Sunday, August 1, 2010

Simple Commitments


Saat menjadi mahasiswa,aku sering terkagum-kagum melihat kakak-kakak aktivis di kampus yang punya segudang komitment. Jadi mahasiswa, so pasti, jadi asisten dosen, pengurus himpunan, anggota klub hobi, panitia seminar, moderator, pengurus jama'ah/kelompok pengajian, sampai ada yang kerja paruh waktu di proyek segala. Mencengangkan, betapa tingginya keahlian mereka untuk mengelola waktu demi berbagai komitmen tersebut. Apa tidak puyeng, ya?

Sama begitu masuk di dunia kerja, kitapun berhadapan dengan segudang komitmen. Apalagi kalau sudah menikah, wanita akan punya dua peran, yaitu istri/ibu dan karyawan. Aku ikutan kagum melihat seorang teman yang dengan lihainya mengatur keluarga, memiliki posisi tinggi di kampus dan tetap konsisten berkarya. Subhanallah.
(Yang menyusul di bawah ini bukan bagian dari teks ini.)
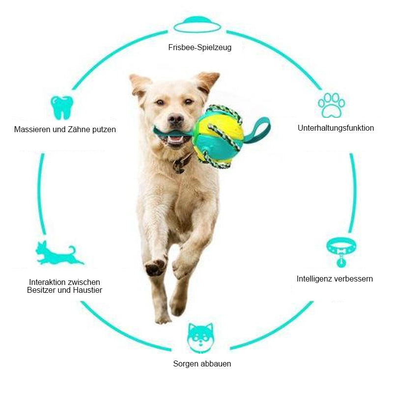 - Interaktyvus kamuoliukas puikiai tinka įvairaus amžiaus šunims žaisti. Šuniukai gali savarankiškai žaisti su kamuoliu arba šeimininkai gali kartu žaisti, mesdami kamuoliuką į tolį. Kai šuo sukanda kamuolį, jis pasidaro plokščias, o kai padeda jį ant žemės, kamuolys grįžta į savo formą ir pašoksta į viršų!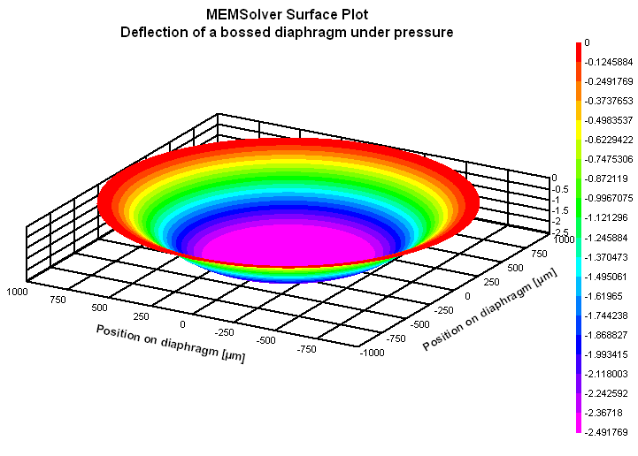 The plot shows the deflection of the bossed diaphragm under pressure. The X axis gives the position from the center towards the outer perimeter for the top fiber of the diaphragm. The deflection flattens off where the boss starts. Using the cross hair tool, the defection at any distance from the center can be calculated.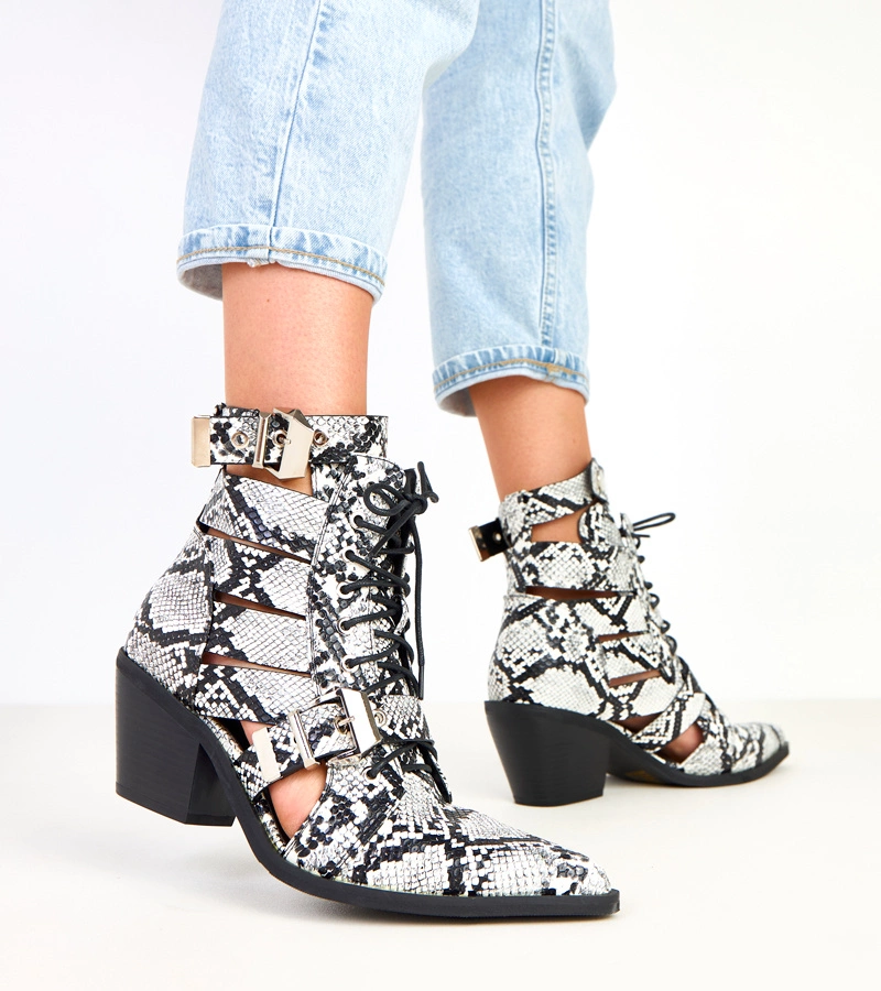 Čierno-biele členkové topánky na podpätku šnurovacie s výrezmi Verica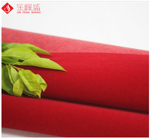 植絨布按底材可以分為無紡底、水刺底、綢布底、針織底、棉布底等等,價格也是依次遞增的,而植絨布絨面又可以分為粘膠毛、棉毛、尼龍毛,絨毛長度又可以分為短毛、中長毛、長毛等等,價格當然也是尼龍長毛的絨面最舒服最貴的。這款紅色無紡短毛植絨布,廣受一些底成本廠家的青睞,性價比極高。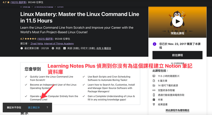 從以上的簡單操作說明,你應該會發現,你只要專心上課,想紀錄的時候就打開筆記連結,並不需要去思考課程的筆記放在哪裡?未來也不會忘記筆記放在哪裡,你只要記得課程在哪裡就好,要複習的時候,只要到課程的影片網址,Learning Notes Plus 就會自動把你的 Notion 課程筆記連結自動顯示出來,所以要複習課程內容也很方便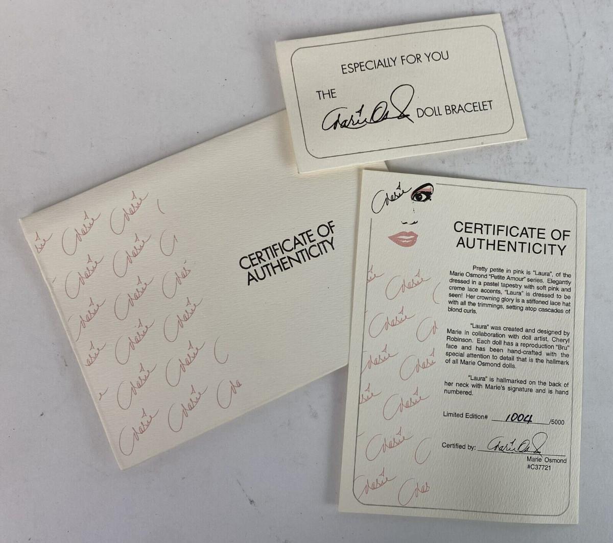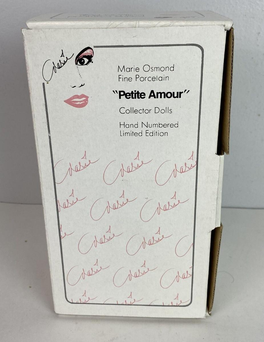 Marie Osmond Fine Porcelain "Petite Amour" Collector Doll...Hand numbered..Limited edition...Pretty petite in pink Laura...6"...Found new in box from a collector's estate...as shown...with COA...#1004/5000...Hallmarked on her neck…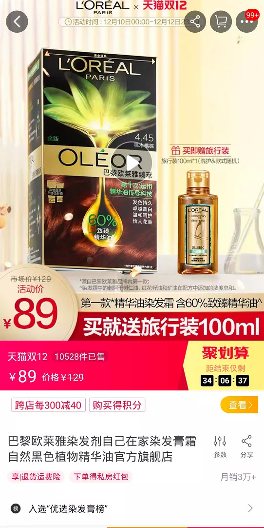 值得一提的是,这款于2019年9月正式上市的产品,是巴黎欧莱雅旗下的第一款精华油染发霜,具有里程碑的意义。根据天猫欧莱雅美发官方旗舰店显示,该产品月销超3万件,并入选了天猫“优选染发膏”榜。

Sayangnya tiap orang tidak secerdas itu dalam mengelola komitmen. Aku pernah ketiban beberapa komitmen dalam satu semester yang semuanya bisa dikatakan tidak begitu sukses. Komitment itu datang sendiri, dengan anggukan, mengiyakan ataupun tak dapat menolak kata yang memberikannya. Alhasil aku pontang-panting memenuhi, sambil berharap komitmen tersebut berkurang. Walaupun tampaknya di dunia kerja, kita mesti mampu mengelola beberapa komitmen jika ingin sukses lebih cepat.

Setelah membaca 'Daily Druxter' mengenai simplify your commitments, 'The Power of Less' dalam bab Simple Commitments, akhirnya aku mengerti bahwa less bukan berarti sedikit. Perbedaannya, apakah kita semakin mencoba melakukan semuanya dalam waktu singkat dan selesai 50-70%, atau mencoba melakukan sedikit secara bertahap tapi tiap pekerjaan selesai 80-90%. Yang pasti, sama seperti saat mengerjakan ujian/tugas kuliah, ada rasa 'berbeda' saat kita belajar sungguh-sungguh dan dapat A, dengan belajar setengah-setengah lalu dapat C.
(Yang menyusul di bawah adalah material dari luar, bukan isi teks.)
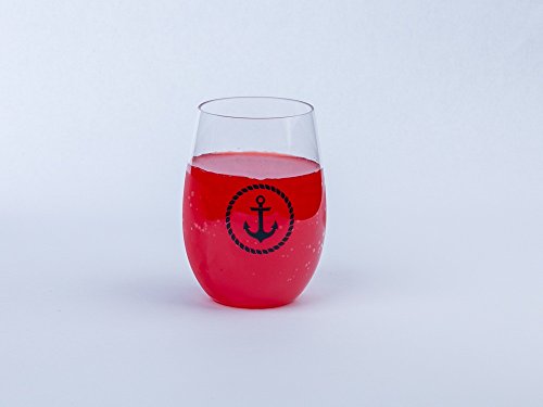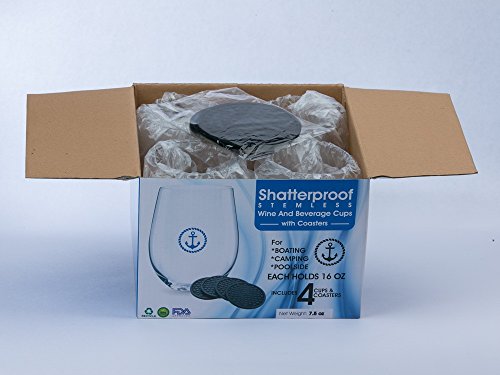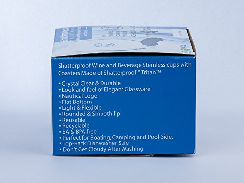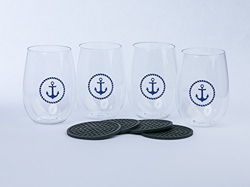 Shatterproof Stemless Nautical Wine & Beverage Cups with coasters- boxed set of 4 cups with anchor logo and 4 silicone coasters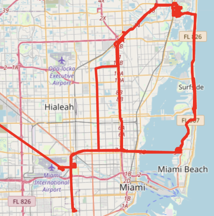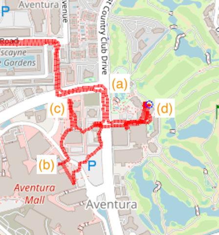 Walking between my hotel and the Aventura mall (left); Zoomed out shows my movement over many days (right)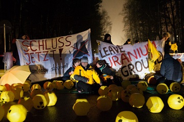 “Wir fordern die sofortige Stilllegung aller Anlagen, die zur atomaren Produktionskette gehören, denn es kann keine sicheren Atomanlagen geben.“ erläuterte ein Aktivist. Wer den „Atomausstieg“ will, muss ganz aus der Atomindustrie aussteigen. Dies bedeutet, weder Brennelemente in Lingen zu produzieren, noch Uran in Gronau anzureichern.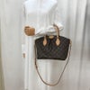 【ハンドル/ストラップ】ヌメ革に薄い焼けや薄いシミ、若干の薄傷がございます。 金具に微細な傷がございます。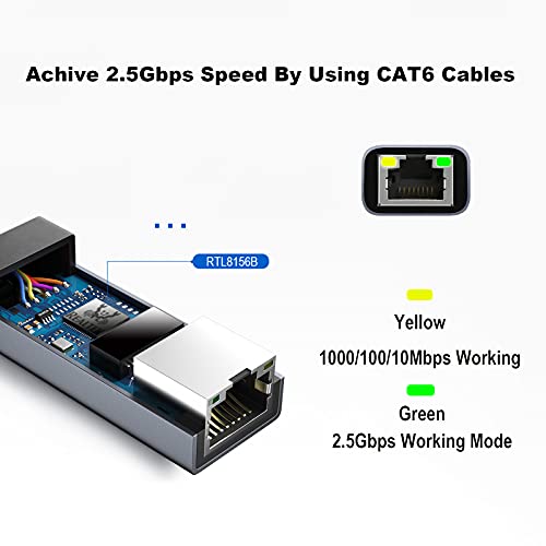 【Adattatore LAN Ethernet ad alta velocità 2.5G】 Chipset Realtek integrato: RTL8156B, 2,5 volte più veloce di 1Gbps Gigabit Ethernet e retrocompatibile con 10/100/1000Mbps. Supporta il rilevamento e la correzione automatica dei crossover del doppino intrecciato, il trading automatico del tasso, la connessione di rete stabile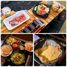 今日は、娘と一泊二日のキャンプです 少し遅めのお昼ご飯は近くのスーパーで お腹が空いていたので設営前にテーブルだけ出して昼食 今晩のキャンプ飯は サラダ トマトとベーコンの炊き込みご飯 ポトフ デザートのスイートポテト なかなかの出来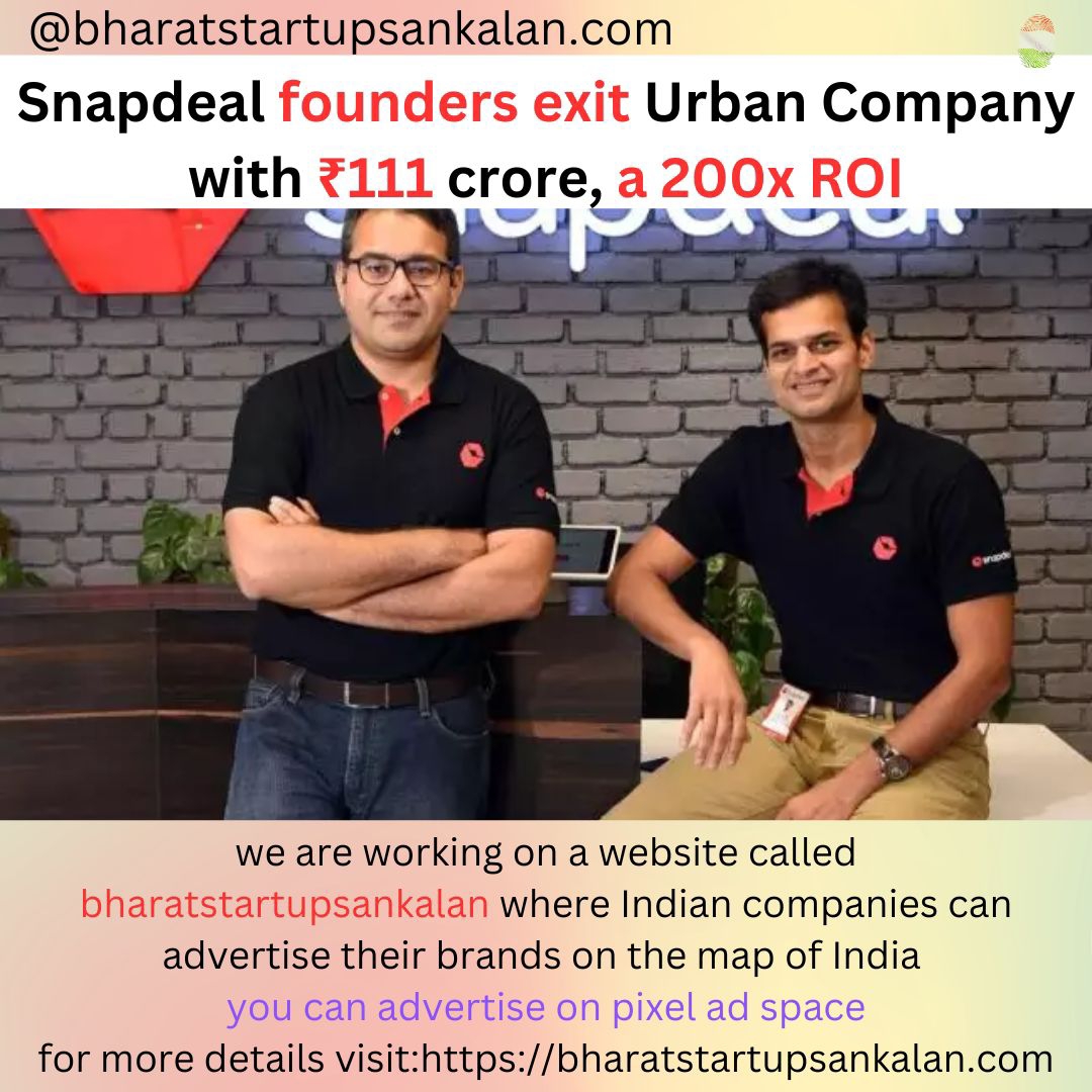 Kunal Bahl and Rohit Bansal, Snapdeal founders, exited Urban Company with 200x return on their 2015 seed investment of โน57 lakh, now worth โน111 crore. Their Titan Capital, backing over 200 startups, invested in companies like Ola and RazorPay. Meanwh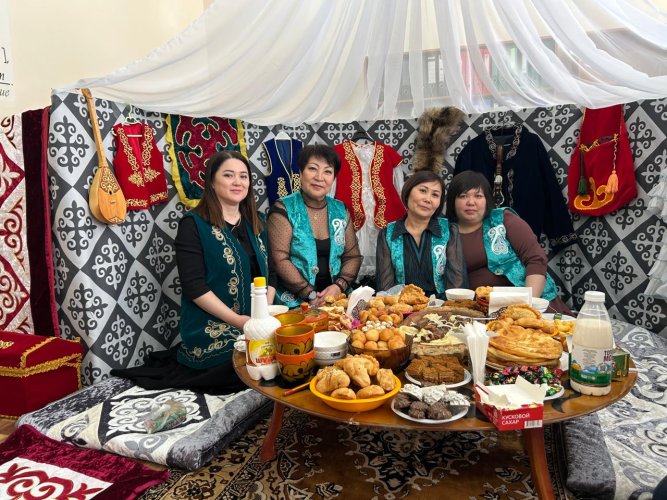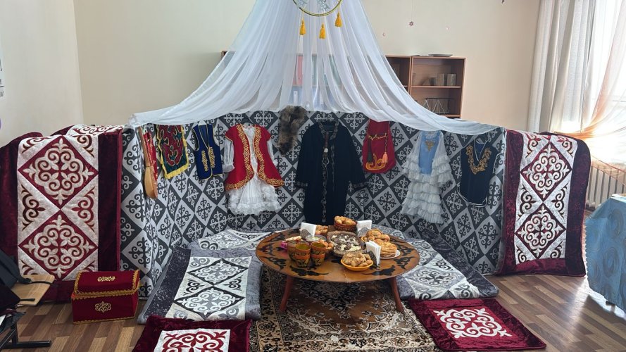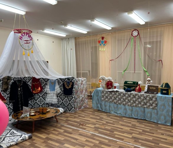 Наш 10 «Б» класс оформляли свой 46 кабинет. В центре кабинета была создана небольшая полу-юрта, которая помогла почувствовать атмосферу традиционного казахского дома. Особое место занял праздничный дастархан. Мы накрыли стол с различными угощениями – бешбармак, баурсаки, шелпеки, курт, сорпа, кумыс, шубат и другие национальные блюда. И все это под шаныраком – символом дома, семьи и единства. Стены кабинета были украшены изображениями весенних цветов и национальными элементами декора. Кроме того, в нашем кабинете была организована небольшая выставка, на которой мы представили книгу о казахских национальных украшениях и одежде, а также сами украшения, чтобы гости могли ближе познакомиться с традиционной культурой.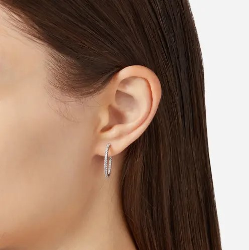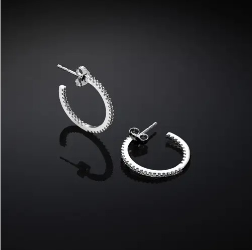 Orecchini cerchio in argento 925/°°° diametro 2 cm con zirconi. Chiusura perno e farfallina. Collezione Silver.

Tidak mencoba meraih segalanya dalam waktu singkat dengan mengurangi komitmen memiliki efek lebih besar. Kita tidak tergesa-gesa, stress, panik, tidak punya waktu untuk hidup kita, atau kehabisan energi untuk melakukan hal lain. Bandingkan dengan anak-anak kecil jaman kini yang memiliki banyak komitmen setelah sekolah, seperti ekskul piano, renang, melukis, sudoku, karate, kursus bahasa Inggris, dan mengaji. Maka, anak-anak akan kelelahan setelah melakukan semuanya. Mereka cenderung kehabisan energi untuk 'jadi anak-anak' sepulang dari beraktivitas. Jadi seperti itulah diri kita yang bisa kehilangan fokus dan minat karena kelelahan mengerjakan semua komitmen tersebut.
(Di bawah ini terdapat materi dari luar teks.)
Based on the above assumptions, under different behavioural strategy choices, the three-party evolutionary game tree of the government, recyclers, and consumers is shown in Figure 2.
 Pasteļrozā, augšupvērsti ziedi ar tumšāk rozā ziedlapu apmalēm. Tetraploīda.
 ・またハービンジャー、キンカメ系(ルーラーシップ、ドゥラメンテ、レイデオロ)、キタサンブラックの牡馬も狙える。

Mencoba mengurangi komitment, paling tidak 5 saja dalam satu tahun/semester mungkin sudah cukup baik. Untuk komitmen yang tidak prioritas, kita bisa memberi tahu si pemberi komitment bahwa kita tidak bisa mengerjakannya. Belajar bilang 'maaf' dan 'tidak', untuk komitmen baru. Pastikan komitmen mana yang paling penting dan paling ingin kita lakukan. Jangan terikat dengan keinginan untuk melakukan sesuatu sebanyak-banyaknya dalam waktu singkat. Terima diri apa adanya dan nikmati setiap pekerjaan dengan sebaik-baiknya. Karena semakin singkat 'to do list', bisa dipastikan semakin fokus dan berkurang tingkat ketergesa-gesaan kita. Jadi bagi yang kelabakan dengan segudang komitmen, ayuk kita belajar mulai menguranginya.

Perth,
Sorry guys, since I've been committed to finish my thesis soon, so, I have to stop blogging until my first draft ready in the next few months.

We'll see if I could get back sometimes.